# QUILTS!



## BTackitt (Dec 15, 2008)

Post em if ya got em..
This is one I made last year for my best friend to celebrate her getting her Master's Degree in Fluid mechanics.
sorry it's crummy cellphone pic.


----------



## kdawna (Feb 16, 2009)

very nice!


----------



## ◄ Jess ► (Apr 21, 2010)

My grandma gave me a beautiful quilt for graduation. Her niece made it, I believe. The only picture I have of it right now is from when I got stuck at the airport and was so happy to have it! Hopefully you can make out some of the details.

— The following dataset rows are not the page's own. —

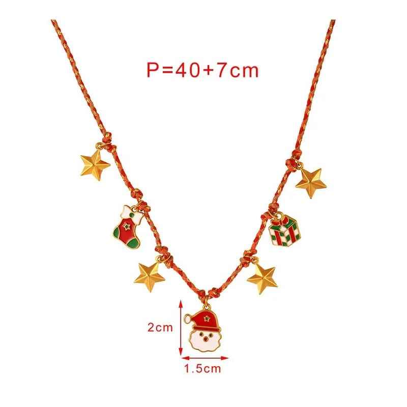 Women Christmas Titanium Steel Rope Chain Necklace Featuring Multi Charms and Santa Claus Inspired Classic Style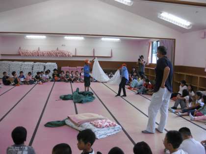 まず、所員の方から、岬の家での基本的な過ごし方を聞きました。そして、大切な寝具の準備方法を習いました。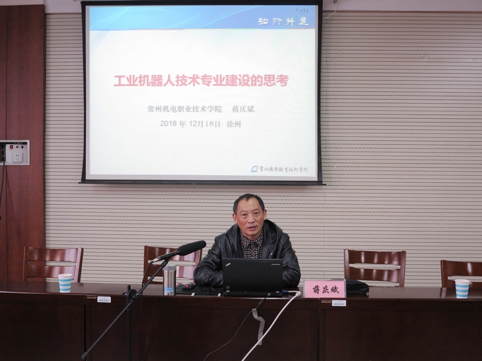 12�18日下午,常州机电职业技术学院电气工程学院院长蒋庆斌教授应邀到我院开展工业机器人技术专业建设指导。我院教务处处长杜宗辉、电气工程系党支部书记丁得果、主任王郝及电气工程系全体教师参加了学习交流会�
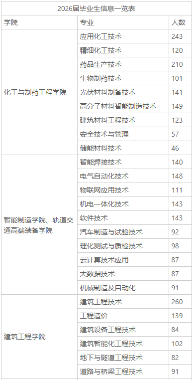 常州工程职业技术学院2026届毕业生共4927人,详情如下: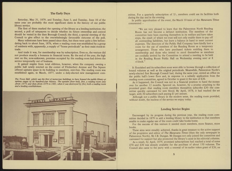 This history of the Palmerston North City Library (1879-1979) was written by Ian W Malcolm, City Librarian at time of publication.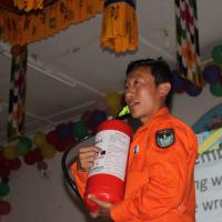 During afternoon session, scout masters trained as Desuup (De-sung is the program initiated by His Majesty the king, Jigme Khesar Namgyal Wangchuk to combat the natural disasters) along with other Bartsham Desuup trained whole participants about how to improvise stretchers and fight fire using fire extinguisher in case of emergency.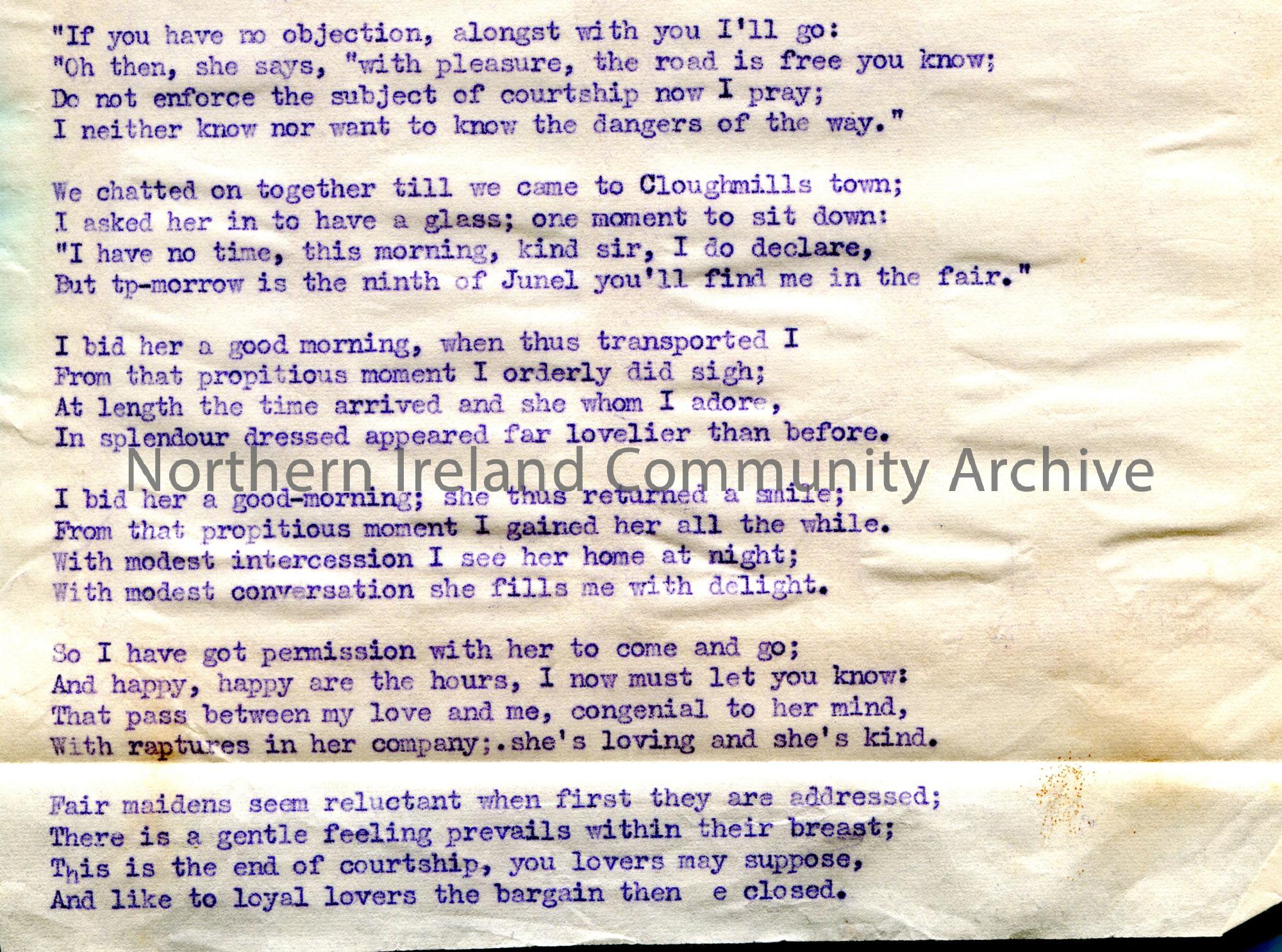 Carbon copy of a typed tonic sol-fa notation and words to song titled, ‘No. 121 – Cloughmills Fair’. Song noted from Mr William Carton, Garryduff, Bal… – Scan037A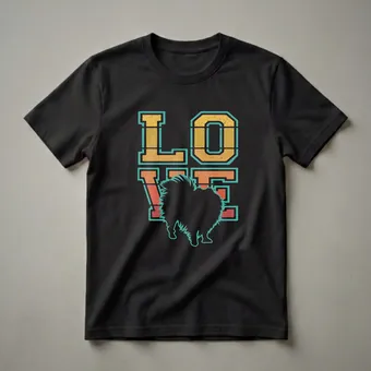 Pomeranian owners know the joy these fluffy, spirited dogs bring into their lives. This retro-inspired graphic tee captures that affection with a striking design. The word 'LOVE' is presented in a vintage sunset color palette, featuring shades of orange, yellow, and teal, with a distressed texture for an authentic retro feel. The 'O' in 'LOVE' is replaced by a bold black silhouette of a Pomeranian, showcasing its characteristic fluffy mane and alert stance. Pomeranians, originating from the Pomerania region of Central Europe, are known for their outgoing personalities and fox-like faces. This t-shirt is a fantastic way for any Pomeranian mom or dad to express their devotion. It makes a thoughtful gift for birthdays, holidays, or just because for the dog lover in your life. Wear this comfortable tee to your next dog park visit or casual outing and let everyone know about your favorite furry friend. This shirt is a staple for any proud Pomeranian parent's wardrobe.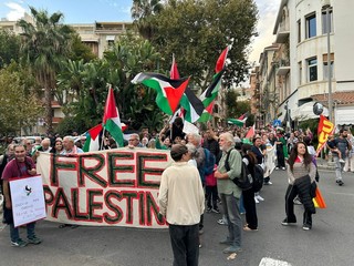 È partito alle 18 da corso Garibaldi il corteo pro Palestina che questa sera sta attraversando le vie del centro di Sanremo, passando da via Ruffini, lungo la ciclabile e fino a Pian di Nave. Alla manifestazione partecipano circa duecento persone, in un clima pacifico e molto partecipato.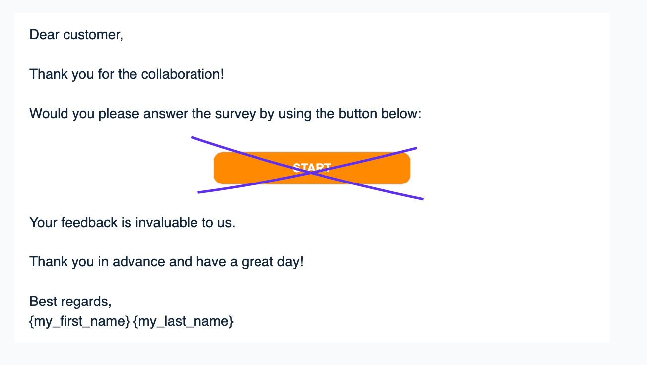 Normally, an email invitation has a START button to start the survey (picture below), but in this case, when you want to add the NPS question directly to the invitation message, we recommend removing the START button.
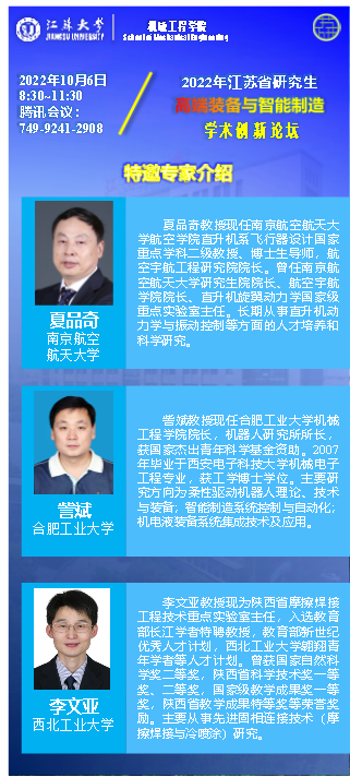 9:00 - 9:30 | 直升机若干前沿技术 研究 | 江苏省教指委工学I类主任 南京航空航天大学教授 夏品奇 | 沈 星 |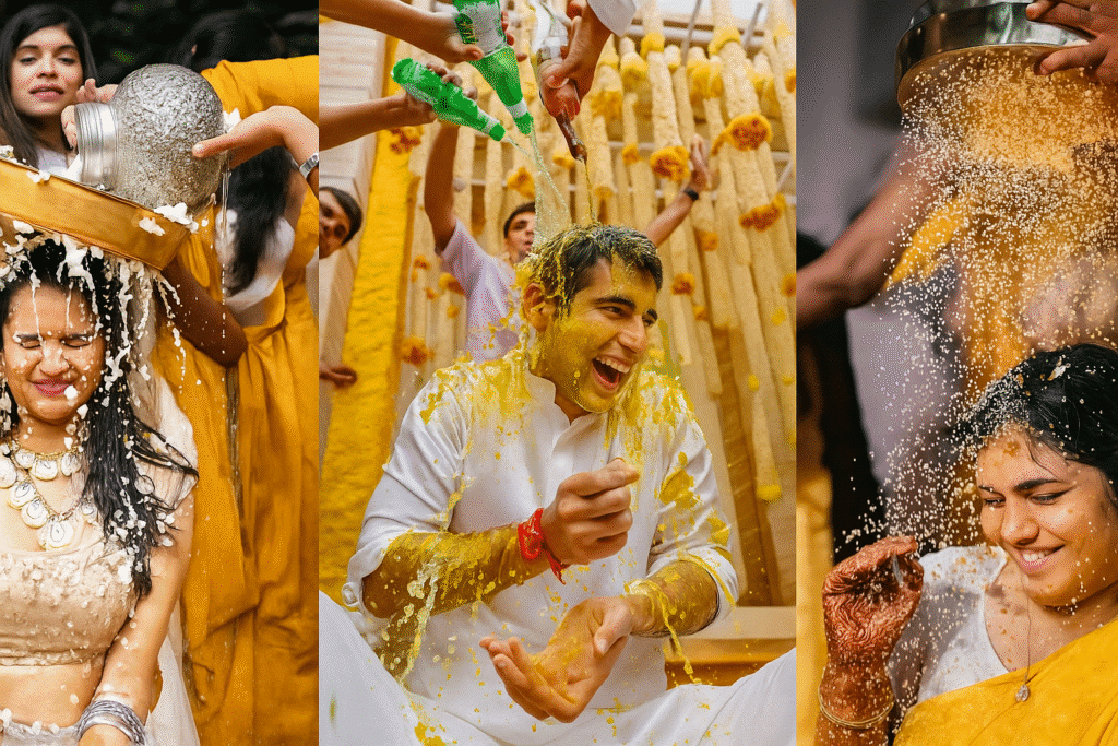 On the morning of the wedding, both the bride and groom are bathed in turmeric and scented oils to purify and prepare them for the sacred union.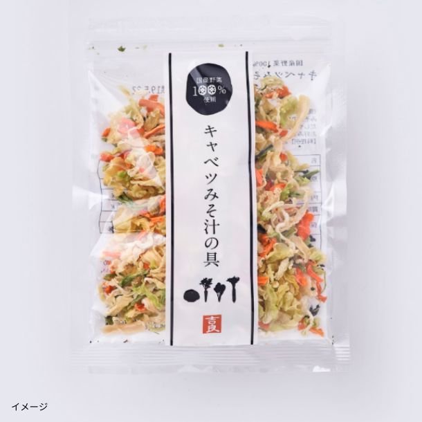 主に九州産の野菜(キャベツ、人参、小松菜、大根)を熱風乾燥してブレンドしました。お味噌汁を作る時は、水の状態から具を入れて下さい。熱湯で戻す場合は約5分かかります。みそ汁以外にも和え物、サラダ、炒め物として活用いただけます。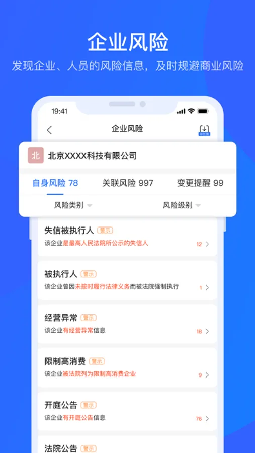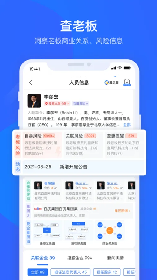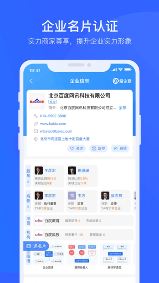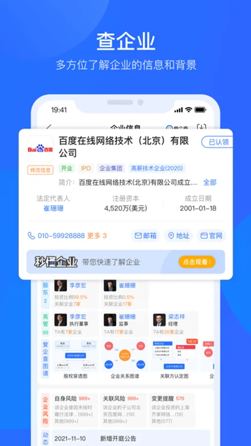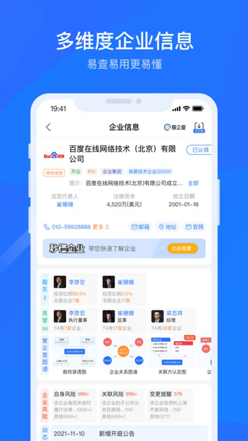 【产品功能】查企业、查老板、查老赖、查商标、查地图等多项查询服务免费使用;为用户提供最大便捷;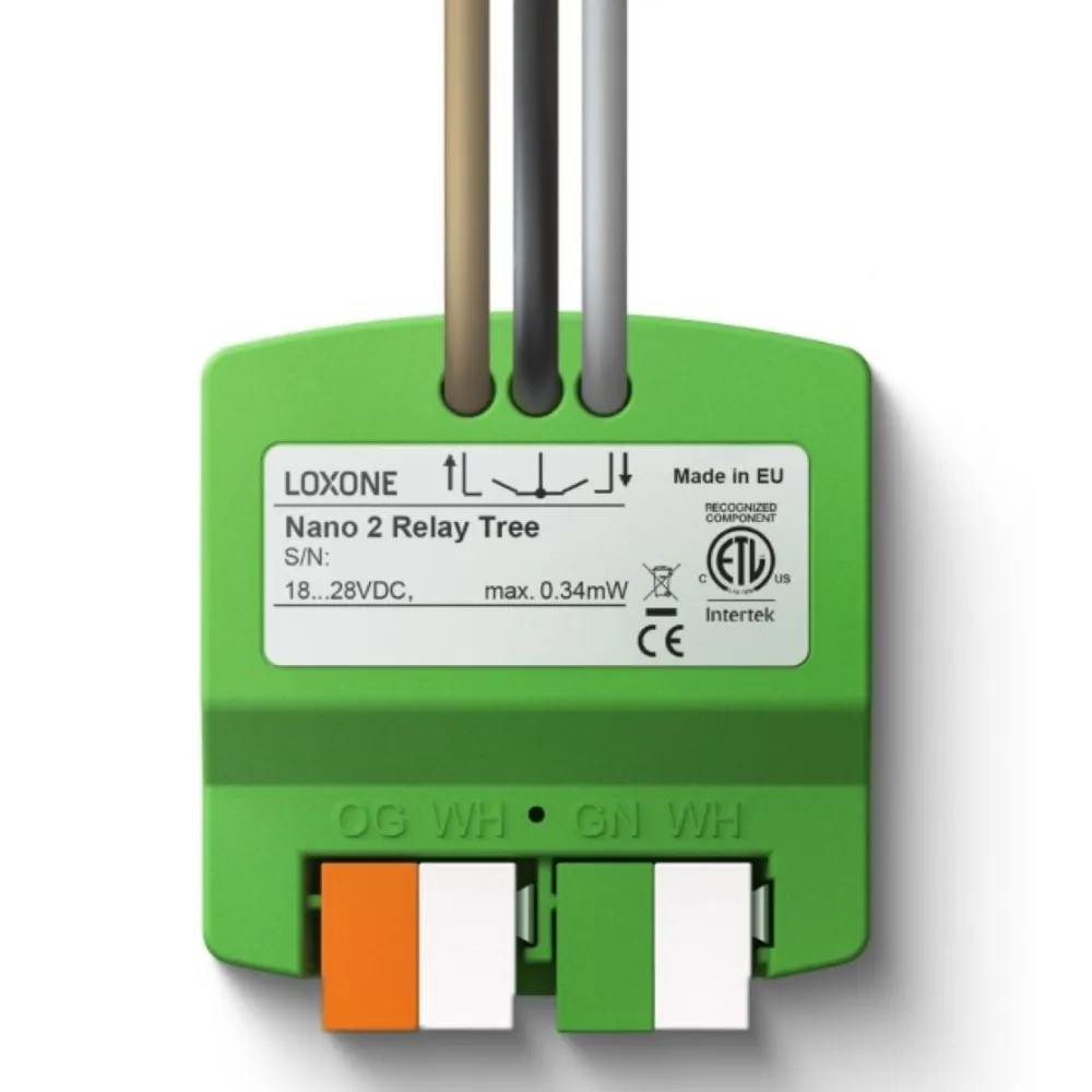 Loxone Nano 2 Relay Tree je kompaktní dvoukanálové reléové zařízení určené pro přímou montáž do instalační krabice pod vypínač. Je ideálním řešením pro ovládání světel, zásuvek, motorů nebo jiných elektrických zařízení v systému Loxone Smart Home. Díky technologii Tree zajišťuje rychlou a spolehlivou komunikaci s Miniserverem.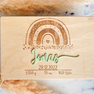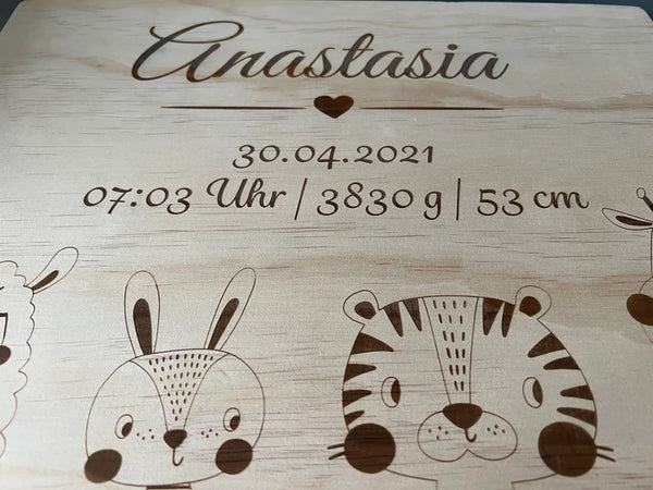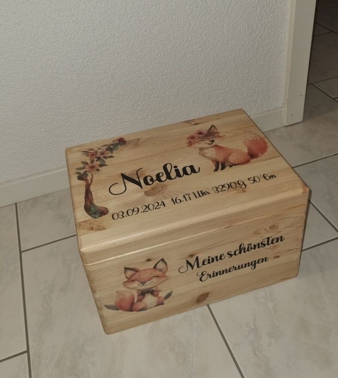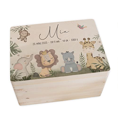 Bewahre die schönsten Kindheitserinnerungen in dieser personalisierten Holzkiste von minimutz auf! Jede Kiste wird mit dem Namen deines Kindes und den Geburtsdaten individualisiert - so wird sie zu einem ganz besonderen Einzelstück. Das bunte Safari-Design mit niedlichen Tieren passt perfekt ins Kinderzimmer. Aus robustem, unbehandeltem Holz gefertigt, mit praktischem Klappdeckel zum Schutz vor Staub. Ob erster Schnuller, Lieblingsstrampler, Locke, Fotos oder die schönsten Zeichnungen - hier findet alles Platz! Die Abmessungen (30x20x14 cm) bieten reichlich Stauraum. Der UV-Druck ist nach Spielzeugnorm EN71-3 zertifiziert und absolut ungiftig. Ein wunderbares Geschenk zur Geburt, Taufe oder zum Geburtstag - eine Schatzkiste, die ein Leben lang Freude bereitet! Einfach auf 'Jetzt anpassen' klicken und persönliche Gestaltung starten.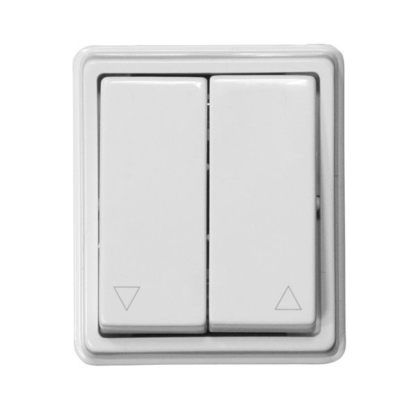 Ein einfacher Aufputz-Taster zum Ansteuern von Rollläden oder Jalousien. Der Taster hat eine besonders kleine Bauform. Abmessungen: 65x55x27mm. Farbe: reinweiß
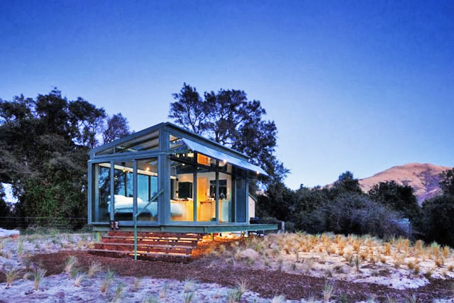 บ้านตากอากาศ โครงสร้างเหล็ก ตกแต่งด้วยกระจก ไอเดียเบื้องต้นปรับใช้ตกแต่งบ้านสวน ใต้ร่มเงาไม้

I love the colors on it.


----------



## BTackitt (Dec 15, 2008)

Jessica that's gorgeous!


----------



## kdawna (Feb 16, 2009)

I also love the colors on your quilt! How nice for you to have it to use when you were stuck there! 
Brenda


----------



## Vagueness (Jan 27, 2011)

Wow, now I have something to aim for... I just finished my first ever, did a small rag quilt so I could finish it and not add another thing to the "I'll get back to it" pile of craft stuff - it's not perfect, but my boy Bosh approved


----------



## loveangel (Jul 19, 2011)

beautiful


----------



## hakimast (Jul 23, 2011)

BT, it's hard to focus on the quilt, your avatar is so distracting!


----------



## Casper Parks (May 1, 2011)

All look very nice...


----------



## John Dorian (Jul 23, 2011)

Vagueness, I love that realistic cat design on your quilt


----------